Che analisti acuti che abbiamo oggi in Italia: le classi sociali non esistono più, esistono società impermeabili e riottose che litigano, come gatti randagi, la poca trippa rimasta. Naturalmente, i più prepotenti e colpevoli sono quelli che appartengono alla Prima società, i papponi che non fanno un cazzo dalla mattina alla sera e ricevono lo stipendio (tipo io e la tu' moglie, Ricolfi, nevvero? Ah, ma lei forse, essendo altresì un'affermata scrittrice pubblicista, emette fattura e allora si salva?): è chiaro come il sole (durante l'eclissi) che è questa la società che più va colpita e tartassata per risollevare le sorti del paese. Poi c'è la Seconda società fatta di laboriosi imprenditori e dipendenti disposti a sacrificare interi sabati ai loro principali pur di garantire produzione o servizi. Infine c'è la Terza società, la società degli ultimi, dei senza nome, gli scureggiati, i manigoldi, gli avanzi di galera.
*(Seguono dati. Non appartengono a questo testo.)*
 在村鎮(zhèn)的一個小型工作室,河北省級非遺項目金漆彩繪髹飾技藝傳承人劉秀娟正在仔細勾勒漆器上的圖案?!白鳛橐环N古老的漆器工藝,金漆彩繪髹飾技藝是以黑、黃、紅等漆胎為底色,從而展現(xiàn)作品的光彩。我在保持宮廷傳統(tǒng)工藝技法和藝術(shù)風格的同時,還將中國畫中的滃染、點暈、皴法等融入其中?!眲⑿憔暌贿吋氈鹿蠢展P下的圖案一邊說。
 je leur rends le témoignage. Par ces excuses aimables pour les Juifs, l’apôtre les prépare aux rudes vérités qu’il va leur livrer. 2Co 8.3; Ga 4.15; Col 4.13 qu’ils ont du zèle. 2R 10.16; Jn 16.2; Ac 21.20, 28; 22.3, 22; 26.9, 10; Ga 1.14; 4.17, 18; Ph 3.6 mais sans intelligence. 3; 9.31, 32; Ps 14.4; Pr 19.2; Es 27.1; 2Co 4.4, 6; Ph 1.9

Proprio stasera, passeggiando per strada, due conoscenti, marito e moglie, lui rappresentante di accessori per la falegnameria e lei impiegata comunale, si sfanculavano incolpandosi a vicenda su chi fosse il responsabile della crisi economica generale; poi è arrivato il figlio trentenne, disoccupato, e preso da un forte desiderio di restare orfano, gli ha lanciato contro una molotov.
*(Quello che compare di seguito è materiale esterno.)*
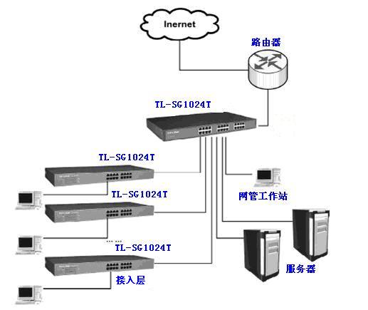 1、大中型网络环境:中心交换机采用三层交换机或管理型交换机,接入层使用TL-SG1024T,如下图:
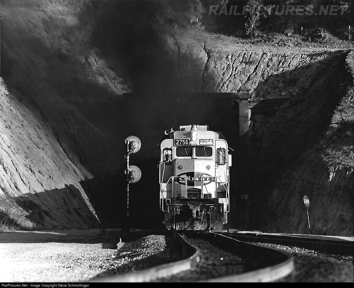 | Santa Fe 2756 East emerges from tunnel 5 with her diesel exhaust billowing skyward. The freight is fighting a heavy grade and almost constant curvature. It was not unusual to see GP30s on the point of Santa Fe road freights, even on Tehachapi. The carrier used a fleet of four-axle EMDs to shuttle freight between Barstow and Bakersfield. |
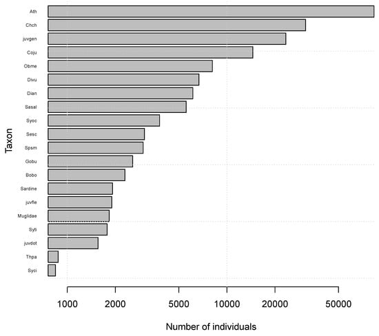 The total number of individuals recorded for each of the 20 most abundant taxa. See Table names for Latin binomials.
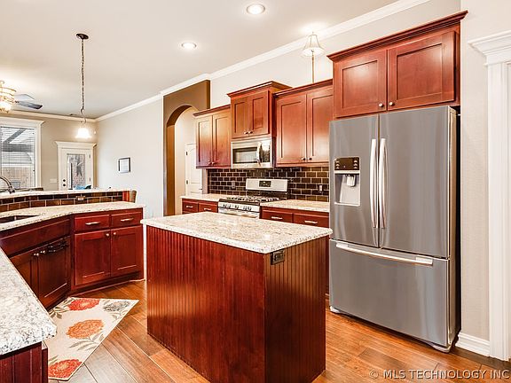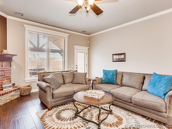 Immaculate Home, 2014 winner of Tulsa Parade of Homes. This stunner offers 3 bed/2.5 bath, 2 gas fireplaces, large kitchen and living room, floored attic with an in-ground storm shelter in the garage, 10' ceilings, 1 yr home warranty offered by seller.
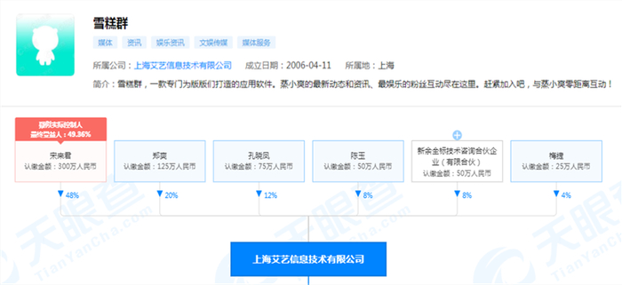 资料显示,此APP由一家上海艾艺信息技术有限公司外包开发。郑爽为这家公司投资了125万人民币,是第二大股东。

Curiosità: ma uno come Ricolfi, in quale tipo società si può mettere?
«Fatece largo che passamo noi...»
1 commento:
da notare che in queste ripartizioni a bischero, in due o tre classi sociali, manca sempre la classe sociale per eccellenza: quella che non ha bisogno dei sindacati e delle tutele legali, quella che nutre una naturale idiosincrasia per tutto ciò che è pubblico, quella che ha bisogno invece dei disoccupati e non garantiti per tenere bassi i salari e lucrare su queste situazioni. e ha bisogno di fomentare quest'ultimo ceto sociale di sfruttati dell'ultimo gradino per revocare diritti e tutele ai "privilegiati" che se la spassano un gradito più su. di modo da allargare la platea dei non garantiti e dei disoccupati, dei reietti.
ecco dunque a cosa servono gli "intellettuali", a scavare la fossa a chi ancora riesce a barcamenarsi, sono costoro, i garantiti, che sfruttano le situazioni, queste canaglie di pubblici dipendenti e operai a tempo indeterminato (ma passibili di licenziamento, ora).
da quanti decenni va avanti questo gioco? a vantaggio di chi? la classe media è stata distrutta, ma vi sono ancora delle sacche di resistenza che vanno annientate. forza allora, completiamo
il lavoro per il quale siamo pagati.